**DATA TO USE:**

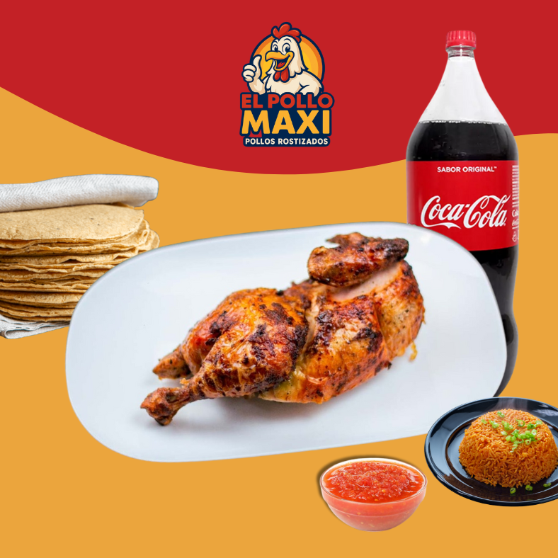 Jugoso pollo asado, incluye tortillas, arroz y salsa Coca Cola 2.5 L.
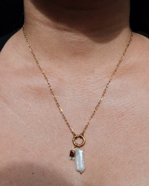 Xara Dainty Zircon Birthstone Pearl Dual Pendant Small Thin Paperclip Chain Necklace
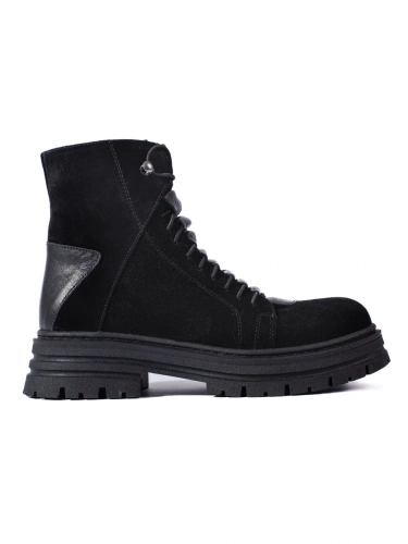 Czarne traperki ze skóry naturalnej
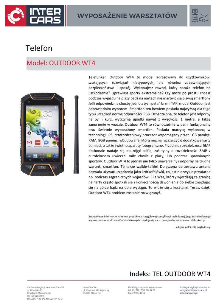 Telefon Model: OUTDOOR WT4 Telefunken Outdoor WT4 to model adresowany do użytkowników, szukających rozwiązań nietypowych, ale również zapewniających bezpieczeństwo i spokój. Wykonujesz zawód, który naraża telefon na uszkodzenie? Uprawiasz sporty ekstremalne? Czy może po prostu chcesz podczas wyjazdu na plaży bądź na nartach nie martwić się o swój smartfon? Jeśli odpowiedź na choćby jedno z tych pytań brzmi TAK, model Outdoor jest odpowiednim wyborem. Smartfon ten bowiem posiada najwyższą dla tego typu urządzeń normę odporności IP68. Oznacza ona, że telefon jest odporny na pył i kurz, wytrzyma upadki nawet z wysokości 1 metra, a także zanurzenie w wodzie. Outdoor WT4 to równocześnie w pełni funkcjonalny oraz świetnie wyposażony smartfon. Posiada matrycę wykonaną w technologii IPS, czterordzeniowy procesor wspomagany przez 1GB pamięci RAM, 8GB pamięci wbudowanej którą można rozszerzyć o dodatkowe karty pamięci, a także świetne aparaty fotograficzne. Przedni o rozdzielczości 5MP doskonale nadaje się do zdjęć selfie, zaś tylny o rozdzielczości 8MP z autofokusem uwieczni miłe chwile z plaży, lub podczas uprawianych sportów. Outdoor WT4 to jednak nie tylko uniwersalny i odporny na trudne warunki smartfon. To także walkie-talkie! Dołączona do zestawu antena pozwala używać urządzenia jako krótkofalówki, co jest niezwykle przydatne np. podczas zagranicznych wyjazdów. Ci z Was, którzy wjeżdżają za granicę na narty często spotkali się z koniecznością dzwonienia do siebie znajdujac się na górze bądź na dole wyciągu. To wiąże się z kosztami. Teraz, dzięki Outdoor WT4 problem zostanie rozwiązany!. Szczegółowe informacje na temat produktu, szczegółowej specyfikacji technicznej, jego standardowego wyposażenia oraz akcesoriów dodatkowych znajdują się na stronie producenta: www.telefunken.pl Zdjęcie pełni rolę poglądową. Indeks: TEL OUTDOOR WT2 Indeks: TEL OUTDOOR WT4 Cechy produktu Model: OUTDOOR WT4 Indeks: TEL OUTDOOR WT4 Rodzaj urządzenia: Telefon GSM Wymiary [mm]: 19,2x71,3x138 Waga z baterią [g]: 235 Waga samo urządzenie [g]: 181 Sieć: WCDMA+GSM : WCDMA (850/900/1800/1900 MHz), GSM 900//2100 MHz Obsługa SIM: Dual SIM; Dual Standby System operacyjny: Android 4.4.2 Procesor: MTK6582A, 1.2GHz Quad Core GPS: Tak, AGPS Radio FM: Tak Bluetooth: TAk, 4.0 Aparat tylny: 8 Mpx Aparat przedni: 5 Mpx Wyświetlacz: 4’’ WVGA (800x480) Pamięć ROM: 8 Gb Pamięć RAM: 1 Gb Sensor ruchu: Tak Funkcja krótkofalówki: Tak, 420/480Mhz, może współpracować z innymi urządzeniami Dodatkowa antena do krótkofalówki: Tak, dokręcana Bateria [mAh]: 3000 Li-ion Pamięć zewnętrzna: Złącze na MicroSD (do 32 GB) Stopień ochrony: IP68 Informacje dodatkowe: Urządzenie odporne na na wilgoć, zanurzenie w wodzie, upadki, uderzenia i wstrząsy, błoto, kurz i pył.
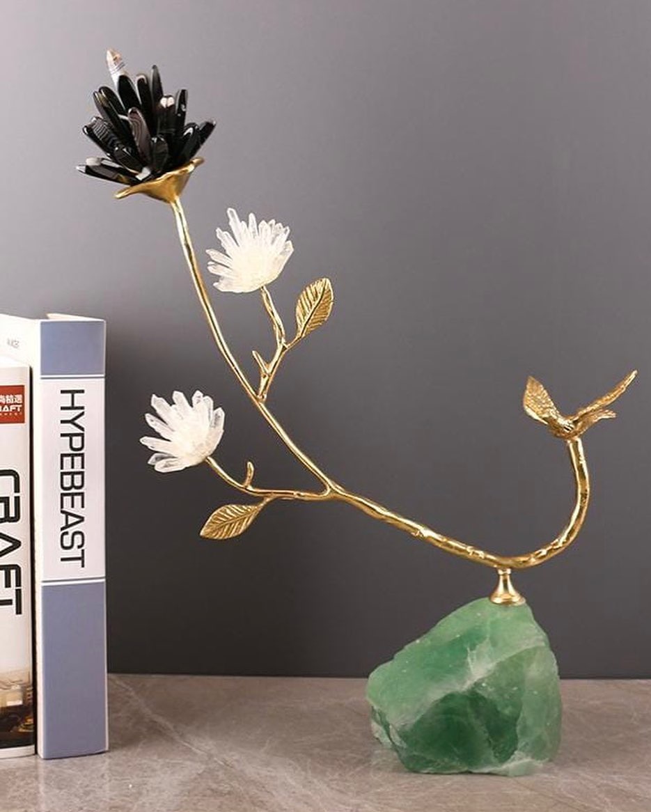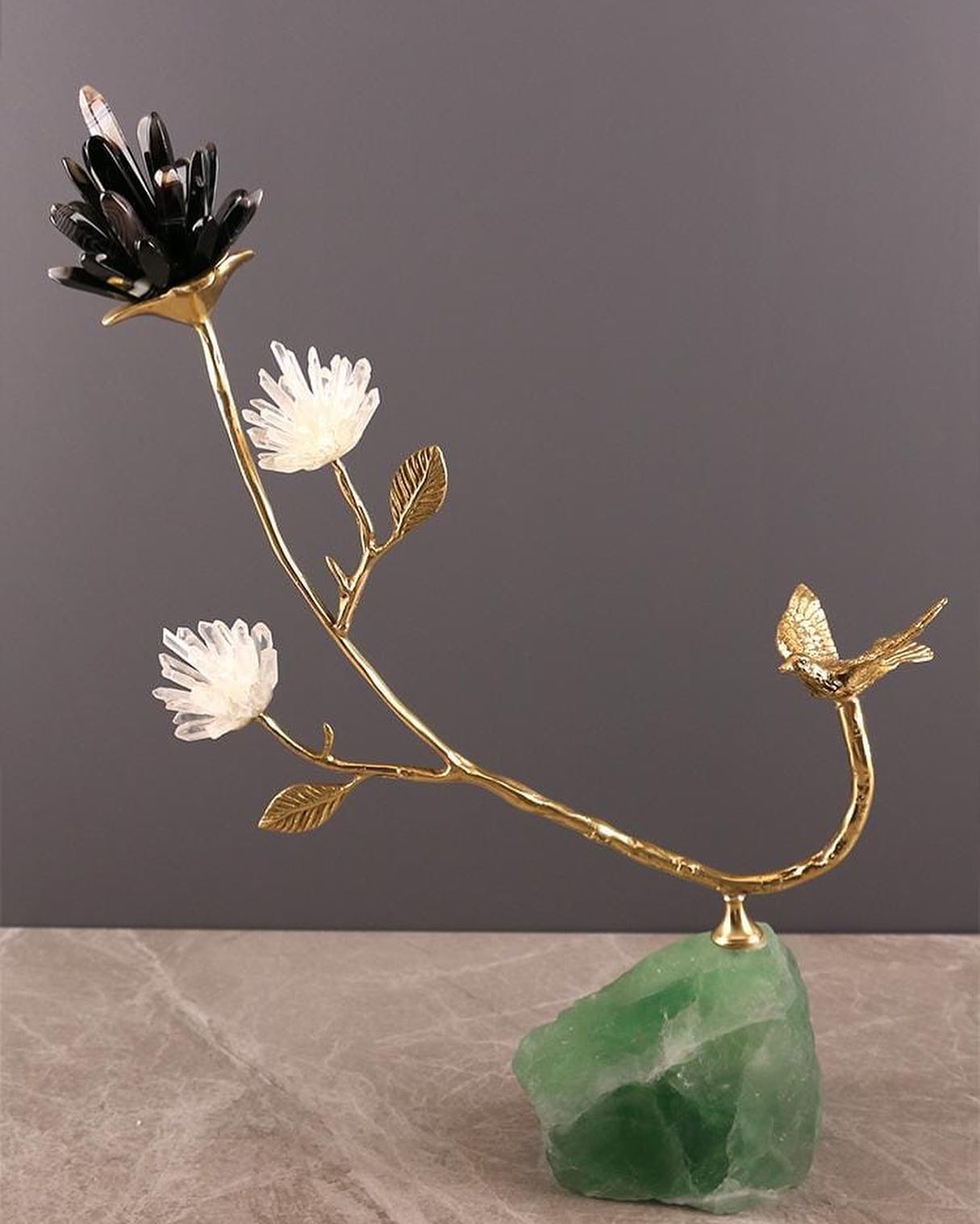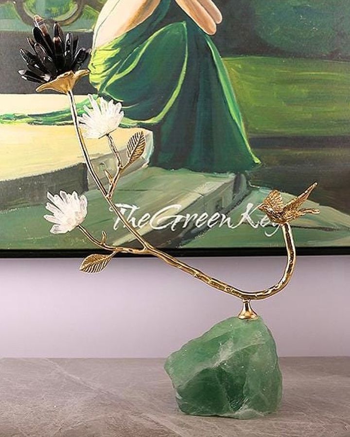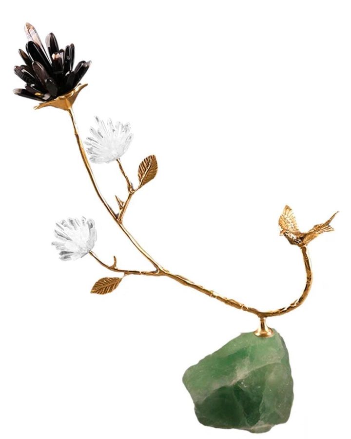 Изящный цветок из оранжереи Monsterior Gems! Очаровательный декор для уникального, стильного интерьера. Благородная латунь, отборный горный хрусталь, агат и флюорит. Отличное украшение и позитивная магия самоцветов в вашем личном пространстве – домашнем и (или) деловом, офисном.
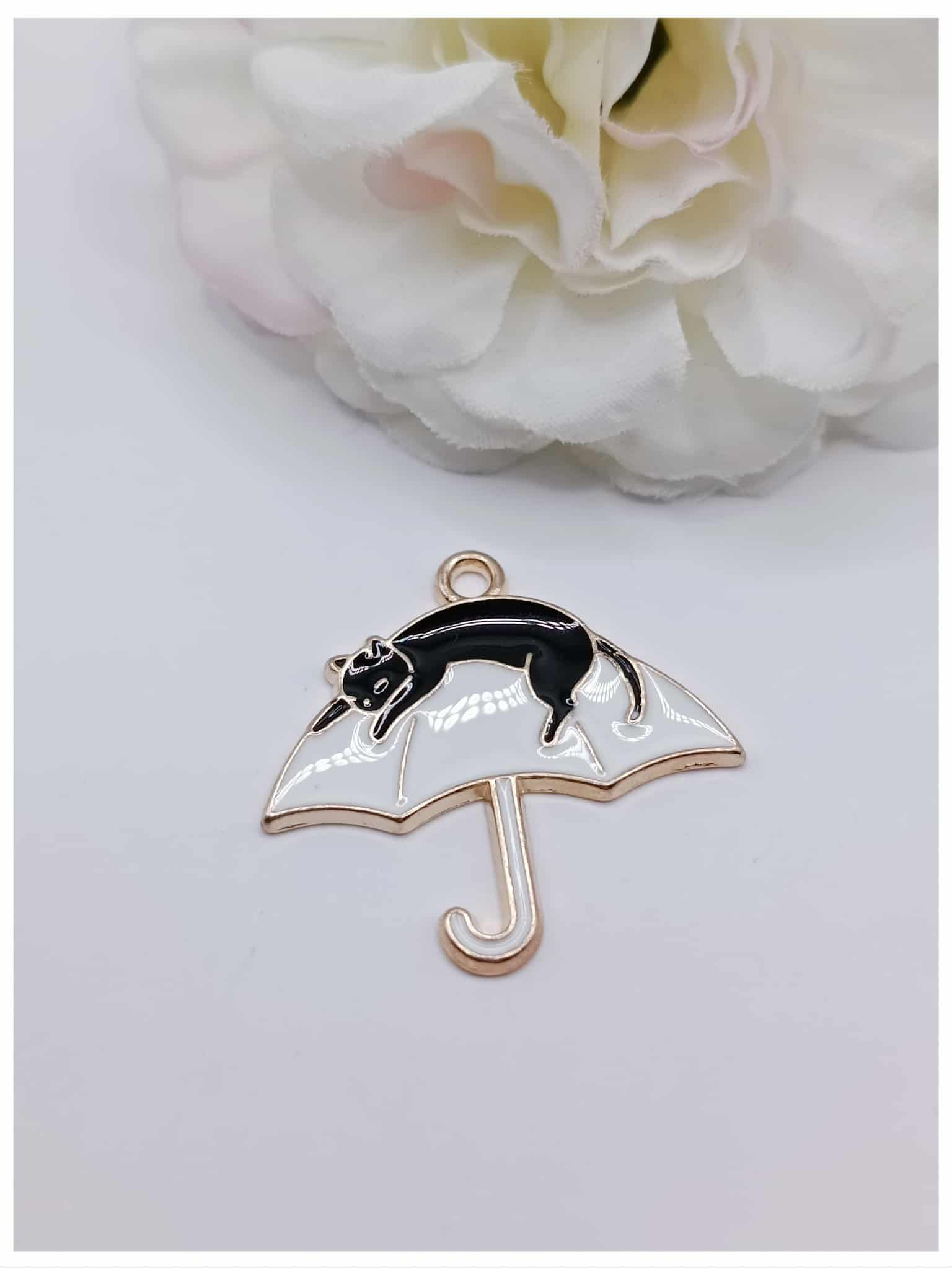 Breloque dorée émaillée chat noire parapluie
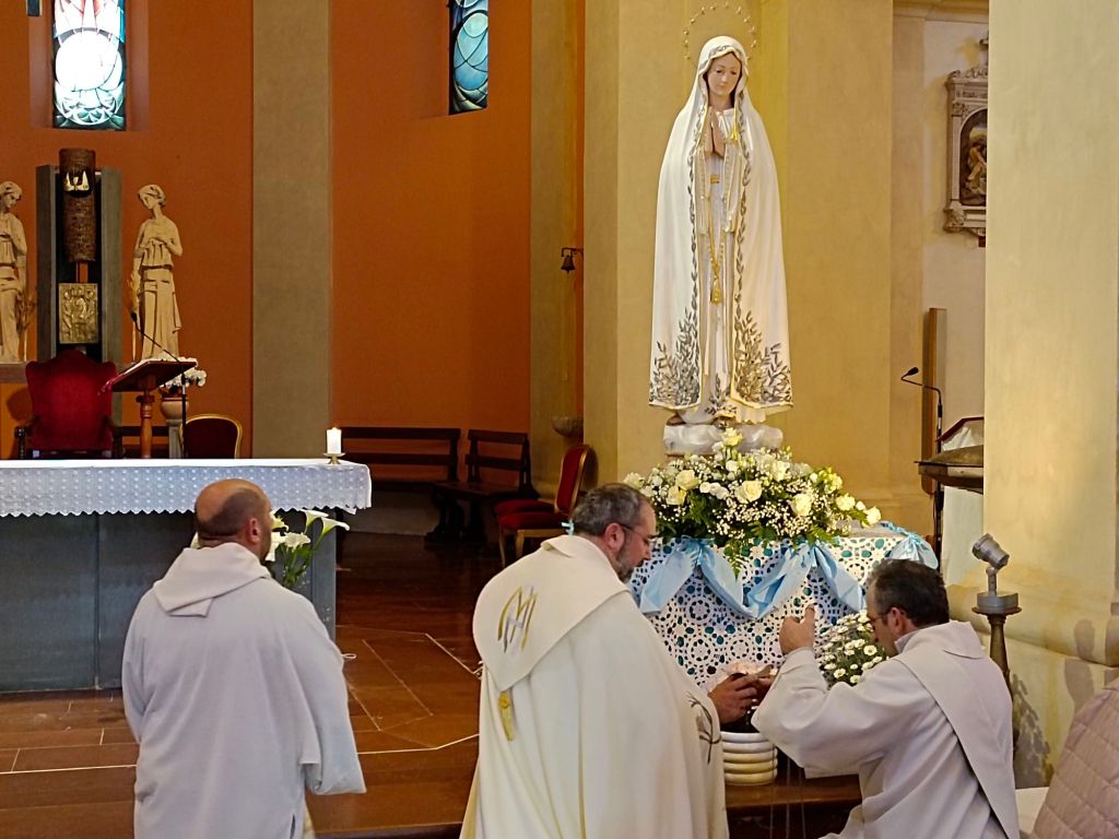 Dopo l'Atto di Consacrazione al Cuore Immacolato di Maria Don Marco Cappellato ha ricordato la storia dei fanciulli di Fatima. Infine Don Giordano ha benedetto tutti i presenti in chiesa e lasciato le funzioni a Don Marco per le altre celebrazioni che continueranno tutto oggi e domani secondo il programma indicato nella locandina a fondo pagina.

**EXERCISE:** Write out the listing above exactly as it stands, pictures excluded.

**PROBLEM SOLUTION:**
 Jugoso pollo asado, incluye tortillas, arroz y salsa Coca Cola 2.5 L.
 Xara Dainty Zircon Birthstone Pearl Dual Pendant Small Thin Paperclip Chain Necklace
 Czarne traperki ze skóry naturalnej
 Telefon Model: OUTDOOR WT4 Telefunken Outdoor WT4 to model adresowany do użytkowników, szukających rozwiązań nietypowych, ale również zapewniających bezpieczeństwo i spokój. Wykonujesz zawód, który naraża telefon na uszkodzenie? Uprawiasz sporty ekstremalne? Czy może po prostu chcesz podczas wyjazdu na plaży bądź na nartach nie martwić się o swój smartfon? Jeśli odpowiedź na choćby jedno z tych pytań brzmi TAK, model Outdoor jest odpowiednim wyborem. Smartfon ten bowiem posiada najwyższą dla tego typu urządzeń normę odporności IP68. Oznacza ona, że telefon jest odporny na pył i kurz, wytrzyma upadki nawet z wysokości 1 metra, a także zanurzenie w wodzie. Outdoor WT4 to równocześnie w pełni funkcjonalny oraz świetnie wyposażony smartfon. Posiada matrycę wykonaną w technologii IPS, czterordzeniowy procesor wspomagany przez 1GB pamięci RAM, 8GB pamięci wbudowanej którą można rozszerzyć o dodatkowe karty pamięci, a także świetne aparaty fotograficzne. Przedni o rozdzielczości 5MP doskonale nadaje się do zdjęć selfie, zaś tylny o rozdzielczości 8MP z autofokusem uwieczni miłe chwile z plaży, lub podczas uprawianych sportów. Outdoor WT4 to jednak nie tylko uniwersalny i odporny na trudne warunki smartfon. To także walkie-talkie! Dołączona do zestawu antena pozwala używać urządzenia jako krótkofalówki, co jest niezwykle przydatne np. podczas zagranicznych wyjazdów. Ci z Was, którzy wjeżdżają za granicę na narty często spotkali się z koniecznością dzwonienia do siebie znajdujac się na górze bądź na dole wyciągu. To wiąże się z kosztami. Teraz, dzięki Outdoor WT4 problem zostanie rozwiązany!. Szczegółowe informacje na temat produktu, szczegółowej specyfikacji technicznej, jego standardowego wyposażenia oraz akcesoriów dodatkowych znajdują się na stronie producenta: www.telefunken.pl Zdjęcie pełni rolę poglądową. Indeks: TEL OUTDOOR WT2 Indeks: TEL OUTDOOR WT4 Cechy produktu Model: OUTDOOR WT4 Indeks: TEL OUTDOOR WT4 Rodzaj urządzenia: Telefon GSM Wymiary [mm]: 19,2x71,3x138 Waga z baterią [g]: 235 Waga samo urządzenie [g]: 181 Sieć: WCDMA+GSM : WCDMA (850/900/1800/1900 MHz), GSM 900//2100 MHz Obsługa SIM: Dual SIM; Dual Standby System operacyjny: Android 4.4.2 Procesor: MTK6582A, 1.2GHz Quad Core GPS: Tak, AGPS Radio FM: Tak Bluetooth: TAk, 4.0 Aparat tylny: 8 Mpx Aparat przedni: 5 Mpx Wyświetlacz: 4’’ WVGA (800x480) Pamięć ROM: 8 Gb Pamięć RAM: 1 Gb Sensor ruchu: Tak Funkcja krótkofalówki: Tak, 420/480Mhz, może współpracować z innymi urządzeniami Dodatkowa antena do krótkofalówki: Tak, dokręcana Bateria [mAh]: 3000 Li-ion Pamięć zewnętrzna: Złącze na MicroSD (do 32 GB) Stopień ochrony: IP68 Informacje dodatkowe: Urządzenie odporne na na wilgoć, zanurzenie w wodzie, upadki, uderzenia i wstrząsy, błoto, kurz i pył.
 Изящный цветок из оранжереи Monsterior Gems! Очаровательный декор для уникального, стильного интерьера. Благородная латунь, отборный горный хрусталь, агат и флюорит. Отличное украшение и позитивная магия самоцветов в вашем личном пространстве – домашнем и (или) деловом, офисном.
 Breloque dorée émaillée chat noire parapluie
 Dopo l'Atto di Consacrazione al Cuore Immacolato di Maria Don Marco Cappellato ha ricordato la storia dei fanciulli di Fatima. Infine Don Giordano ha benedetto tutti i presenti in chiesa e lasciato le funzioni a Don Marco per le altre celebrazioni che continueranno tutto oggi e domani secondo il programma indicato nella locandina a fondo pagina.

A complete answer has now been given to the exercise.